At This Year’s National Science and Technology Fair, GBF Sees a Glimpse of the Country’s Future
And it promises to be very bright.

For the last 14 years, the National Science and Technology Fair (NSTF), the biggest science fair in the country, has been actively promoting interest and awareness in the field of science and technology among the youth. This year, it aimed to help develop resilience, innovation, and creativity amidst a global crisis with its theme: Agham, Pananaliksik at Teknolohiya: Kabalikat sa Matatag at Maunlad na Pamayanan.

The four-day affair, organized by the Department of Education (DepEd) through the Bureau of Curriculum Development, was held online from August 31 to September 3 and featured an exciting roster of speakers, from research scientist Dr. Jose Noel S. Villasenor from the MIT Kavli Institute for Astrophysics and Space Research to professor Dr. Carlos Primo David from the National Institute of Geological Science at the University of the Philippines. There were also compelling panel discussions on women in STEM as well as on the role of industry agenda in STEM education.

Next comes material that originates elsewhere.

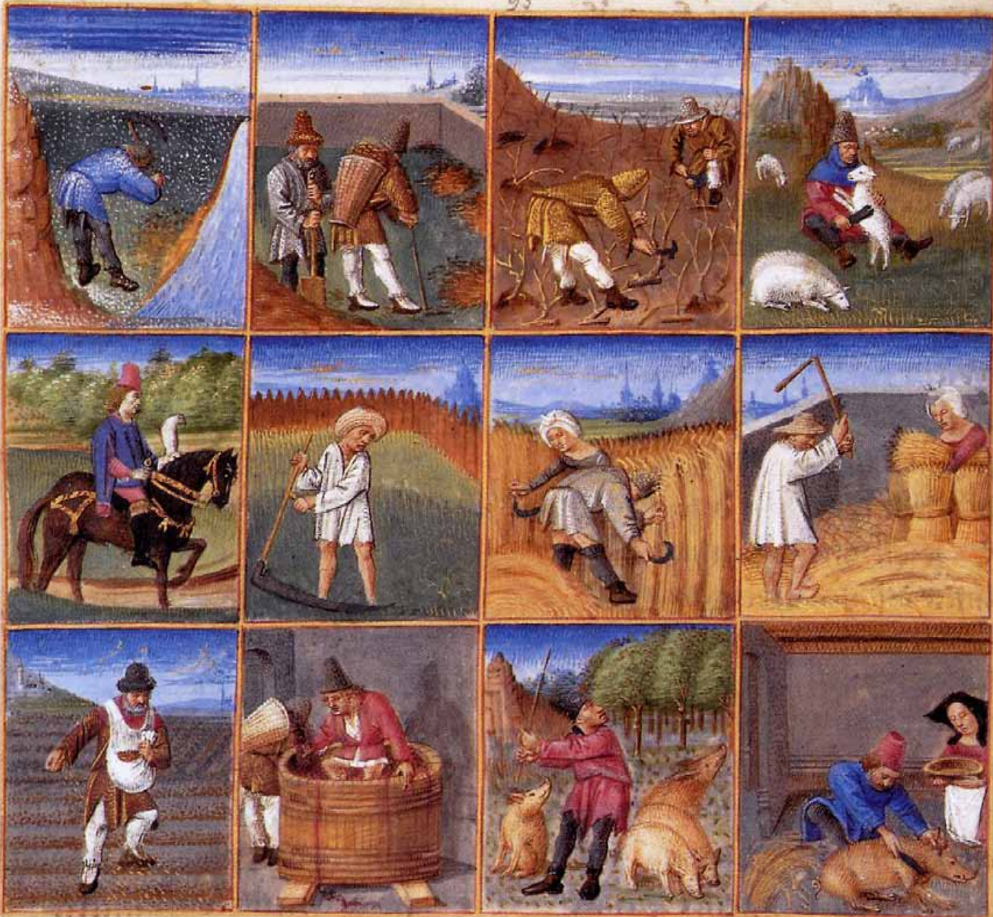
Document 8 : calendrier des travaux agricoles - le Rustican - 1365

Dr. Jocelyn Andaya, Director IV of DepEd’s Bureau of Curriculum Development, described the virtual event as meaningful, enthralling, and thought-provoking. “We had a virtual glimpse of technologies from the sky to the sea and even to the galaxy,” she said. “We were updated on space explorations, technologies for agriculture, healthcare, and on mitigating climate change. We were inspired by the journey of our scientists and inventors, men and women alike, and we recognize their great minds, their grit, their creativity and collaboration, and the vital role they are playing for the benefit of humankind. They have explored solutions for food security, healthcare, environment, among others, all of which are geared towards sustainable development.”


Marrying science and communication

The talks and discussions weren’t the only highlights of the fair. This year, NSTF also launched Siyensikula, an original video competition that challenged junior and senior high school students across the nation to address issues in their own community, while also putting the spotlight on new and innovative solutions and information related to education, safety, health, disaster preparedness, and community development.

A distinguished board of judges led by Dr. Maribel G. Nonato, Academician of the National Academy of Science and Technology and Vice-Rector for Research and Innovation at the University of Santo Tomas, judged the presentations on four criteria, namely: engagement, illumination, creativity, and difficulty.

In her speech, Dr. Nonato said that all of the judges were impressed by the videos. “I could see future science writers, science media newscasters who can communicate effectively emerging issues to the society,” she said.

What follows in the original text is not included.